◆ The problem
Each record must come back unchanged in your answer, stripped of its images.

= = = = =

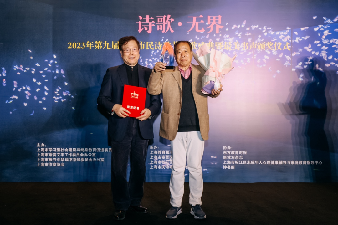 11月20日,2023年第九屆上海市民詩歌節詩歌盛典“詩歌·無界”在如夢如幻的無界美術館舉行。著名詩人田永昌榮獲“杰出貢獻獎”,復旦大學車信昱、上海交通大學周慶貴等10位學生獲得“大學校園詩歌之星”稱號。眾多詩歌愛好者在詩歌盛典美輪美奐的視聽盛宴里度過了一個詩意飛揚的夜晚。
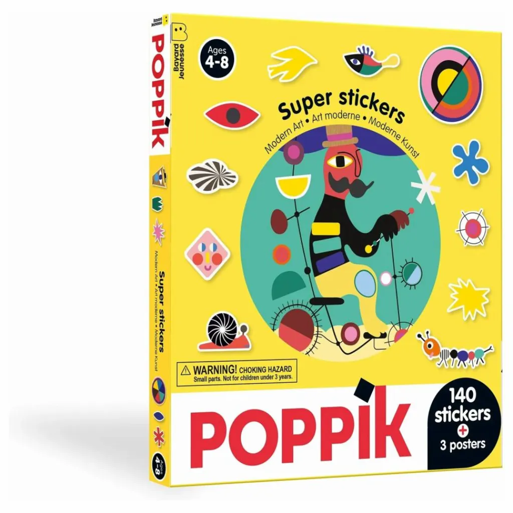 Les enfants s’amuseront à composer 3 grandes images en collant les stickers sur le décor, ils découvriront ainsi de nombreuses couleurs, formes et mises en scène de l’art moderne… Une activité qui ne tache pas, pour faire travailler ses dix doigts !
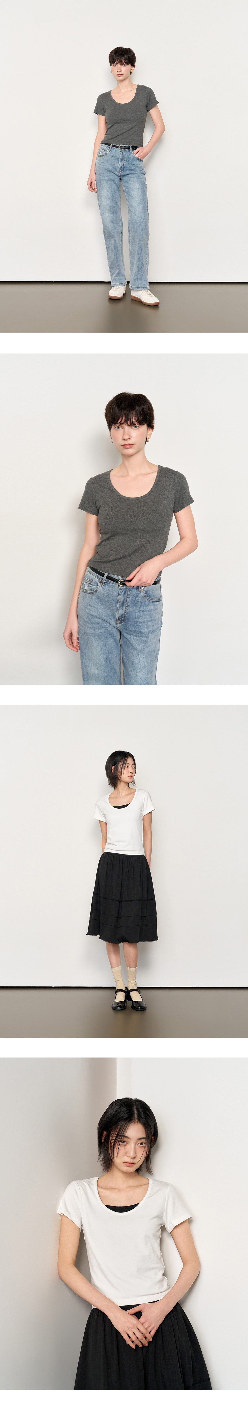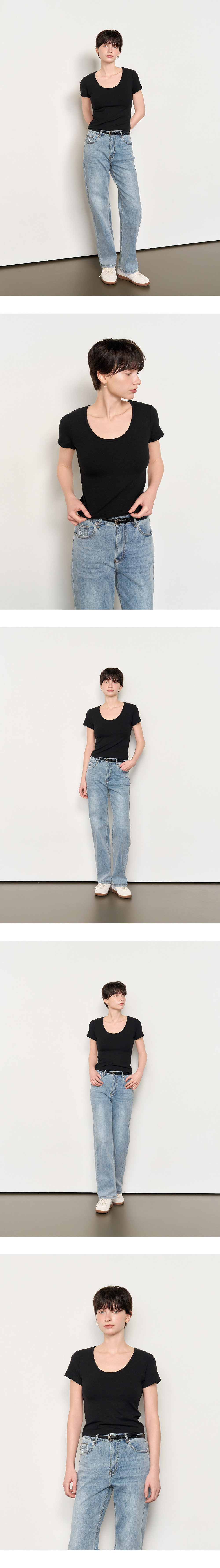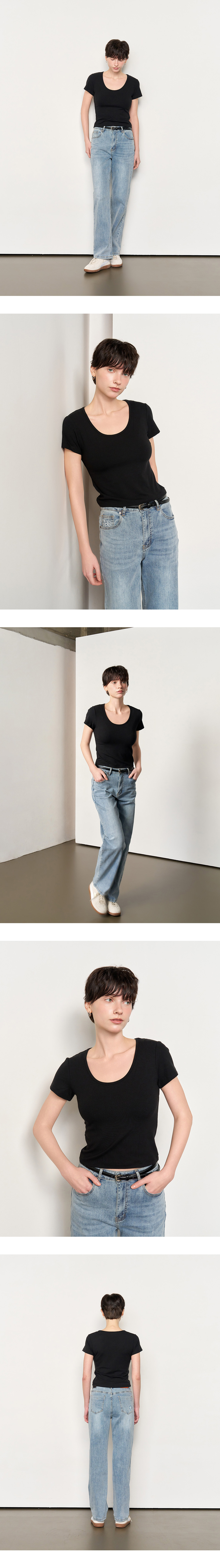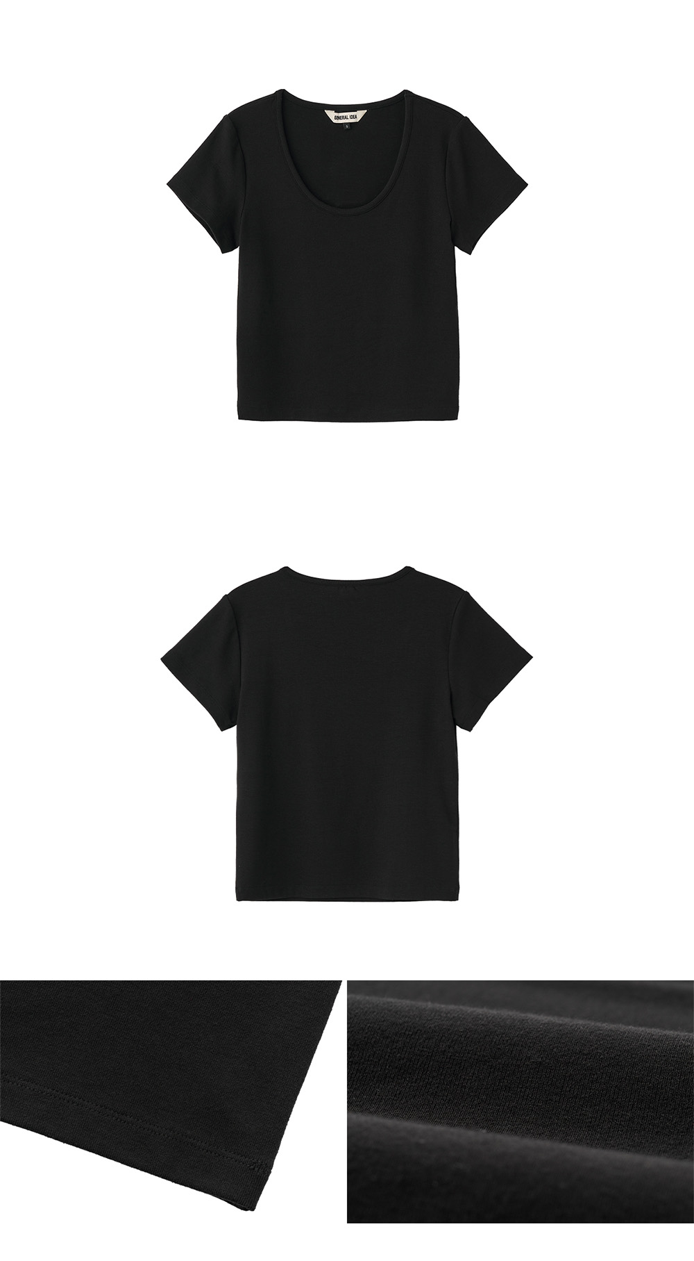 제너럴아이디어 우먼 슬림 U넥 반팔티 블랙
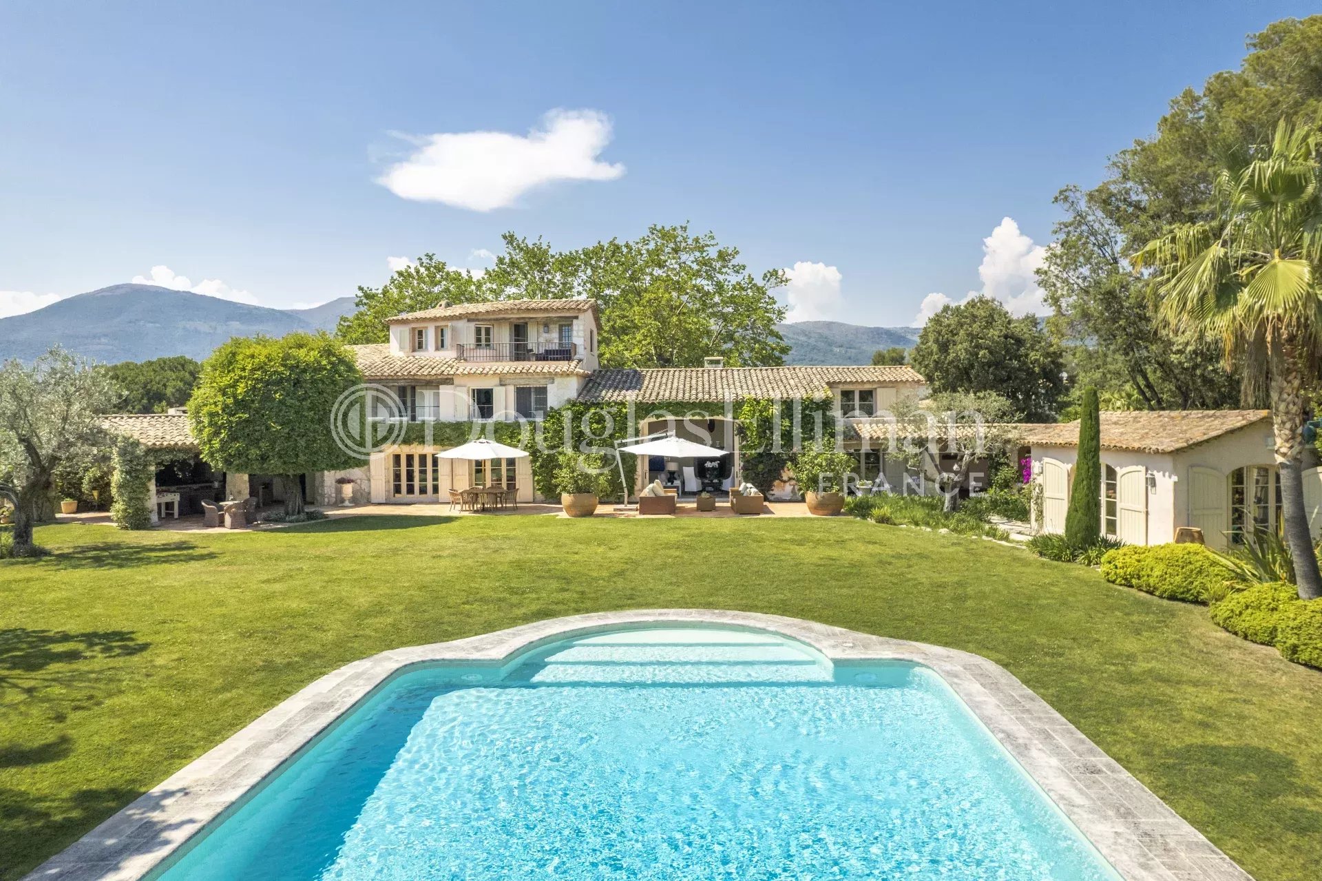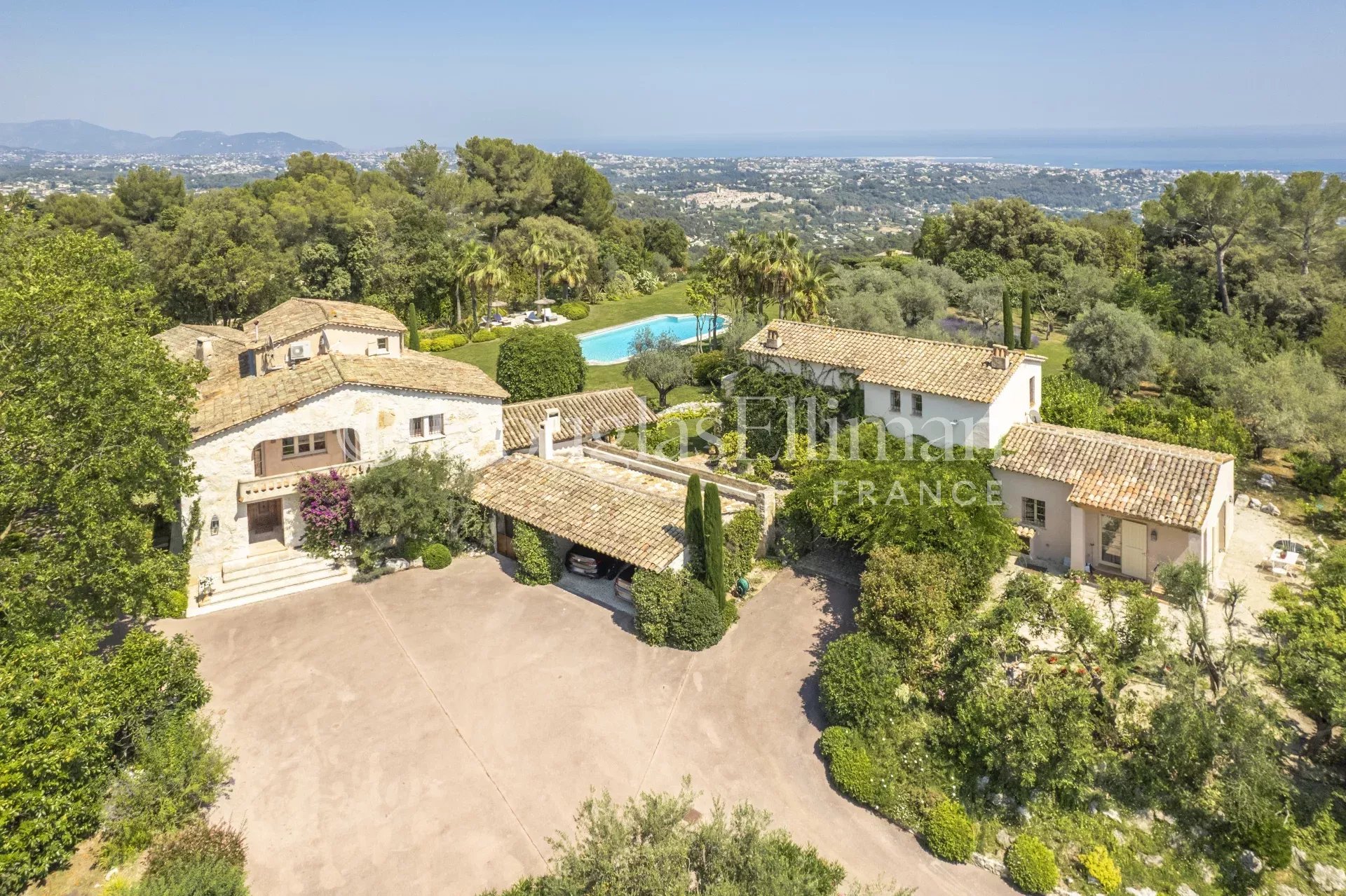 In the most sought after secured domain in the area this beautiful stone property rests on the top of the hill within a 1,2 hectare of private park land with stunning sea, village and coastal views.
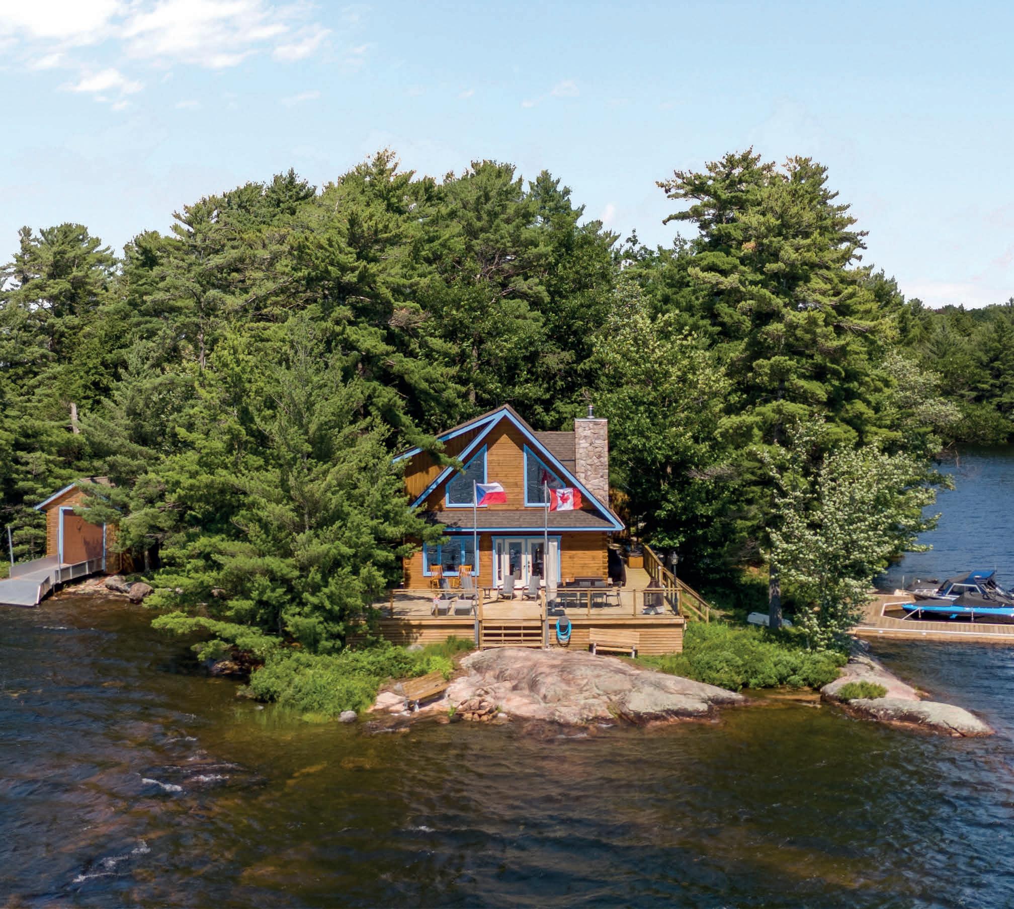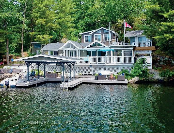PRIVATE ISLAND—Family Oasis awaits 2 hours from Toronto, 1.28 acres of private Island with all the sun exposures, only a 4-min boat ride from marina. Everything shows like brand new, main log cottage built by Colonial Concepts Log homes approximately 1,600 sq ft, 4 bedrooms with main floor master-en suite, 2.5 baths built in 2014. Large deck facing southwest with all day sun, cathedral ceilings, hardwood floors, beautiful kitchen with stainless steel appliances, wood burning stone fireplace, 2 slip dock for the boats and guest cottage (built 2023) is 672 sq ft with 2 beds and 3 piece bath, beautiful kitchen, stainless appliances, own laundry, stunning floors, cathedrals ceilings, large deck looking southwest and its own private dock. The island has a dry boat house for canoes, kayak’s etc and a shed for storage. The island is stunning with pathways around, sandy shore on one side, deep water for swimming around docks and all the sun and shade you would like. Its truly stunning and a must to see. Please view photos and drone film. https://listing.jacksonhousemedia.com/sites/pnzjggm/unbranded (35573855)

= = = = =

◆ Result of this exercise
 11月20日,2023年第九屆上海市民詩歌節詩歌盛典“詩歌·無界”在如夢如幻的無界美術館舉行。著名詩人田永昌榮獲“杰出貢獻獎”,復旦大學車信昱、上海交通大學周慶貴等10位學生獲得“大學校園詩歌之星”稱號。眾多詩歌愛好者在詩歌盛典美輪美奐的視聽盛宴里度過了一個詩意飛揚的夜晚。
 Les enfants s’amuseront à composer 3 grandes images en collant les stickers sur le décor, ils découvriront ainsi de nombreuses couleurs, formes et mises en scène de l’art moderne… Une activité qui ne tache pas, pour faire travailler ses dix doigts !
 제너럴아이디어 우먼 슬림 U넥 반팔티 블랙
 In the most sought after secured domain in the area this beautiful stone property rests on the top of the hill within a 1,2 hectare of private park land with stunning sea, village and coastal views.
PRIVATE ISLAND—Family Oasis awaits 2 hours from Toronto, 1.28 acres of private Island with all the sun exposures, only a 4-min boat ride from marina. Everything shows like brand new, main log cottage built by Colonial Concepts Log homes approximately 1,600 sq ft, 4 bedrooms with main floor master-en suite, 2.5 baths built in 2014. Large deck facing southwest with all day sun, cathedral ceilings, hardwood floors, beautiful kitchen with stainless steel appliances, wood burning stone fireplace, 2 slip dock for the boats and guest cottage (built 2023) is 672 sq ft with 2 beds and 3 piece bath, beautiful kitchen, stainless appliances, own laundry, stunning floors, cathedrals ceilings, large deck looking southwest and its own private dock. The island has a dry boat house for canoes, kayak’s etc and a shed for storage. The island is stunning with pathways around, sandy shore on one side, deep water for swimming around docks and all the sun and shade you would like. Its truly stunning and a must to see. Please view photos and drone film. https://listing.jacksonhousemedia.com/sites/pnzjggm/unbranded (35573855)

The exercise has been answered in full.